Today I attended my usual baby group, our local sling meet.
It was the second baby group I attended that made me feel welcome, and wanted.
The first being weekly with some lovely mamas.
The other with a downside that it is in the next town. So of course finding the confidence to get on the bus, let alone going to the group too.
Anyway today was the first time since before summer that I attended. As expected it was lovely.
Lovely atmosphere, no room for exclusion, which is sadly what I personally feel at times.
It can be incredibly lonely, when you know all around you there are mums and baby/toddler groups.
Yet you’re at home, waiting for the next adventure (which of course is my favourite part of the week) and the once a week toddler group.

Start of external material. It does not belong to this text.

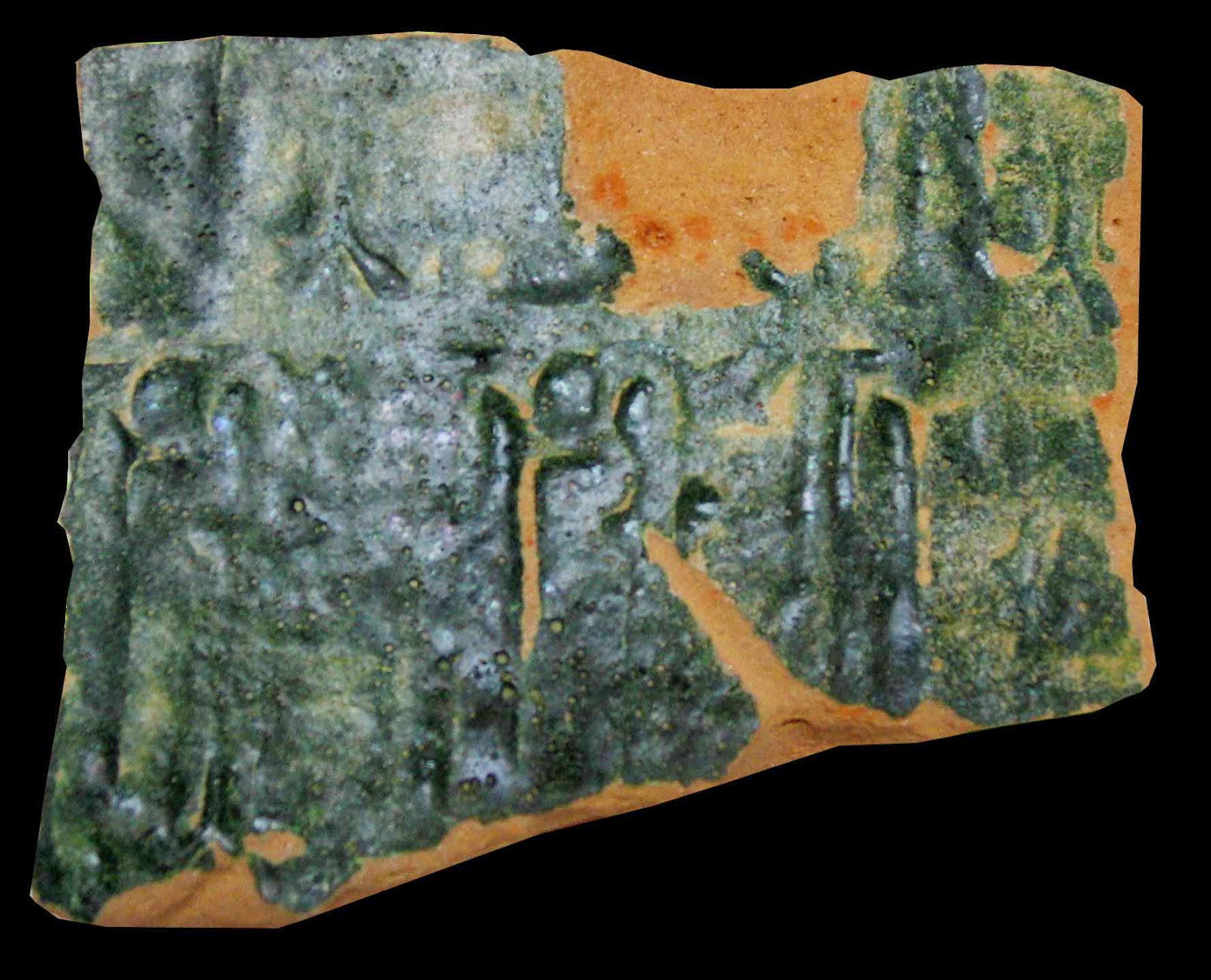 3 Fragmento de borde de tinaja estampillada con las palabras ‘La Paz’, procedente de la alquería de Finojera. / Museo Municipal.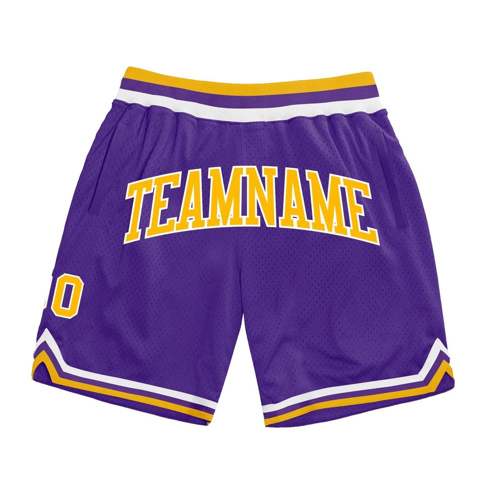 Industrie Direct Engro Sportswear Cómodo personalizado Púrpura Oro-Blanco Auténticos pantalones cortos de baloncesto de retroceso

An outcast in a place you’ve always been…
Doesn’t help with the confidence/life building.
I hate the way it makes me feel….
Wrapped up and ready for her bus trip..
Followed by the top of the list (luxury) Hot Chocolate.
While the tiny human played..
It’s nice for her to make friends her own age (apart form her best friend of course).
But I worry that she is going to miss out of having toddler friends.
It’s incredibly upsetting, especially when you’re not overly sure why.
This is why I think although it is a bus ride and only twice a month, it is worth it to let her make friends, why shouldn’t she? Why should she be excluded?
I did how ever make a couple of new friends my self, as did she. So maybe more baby groups in the running!
So not all bad…
I just wish I had more confidence, and thicker skin.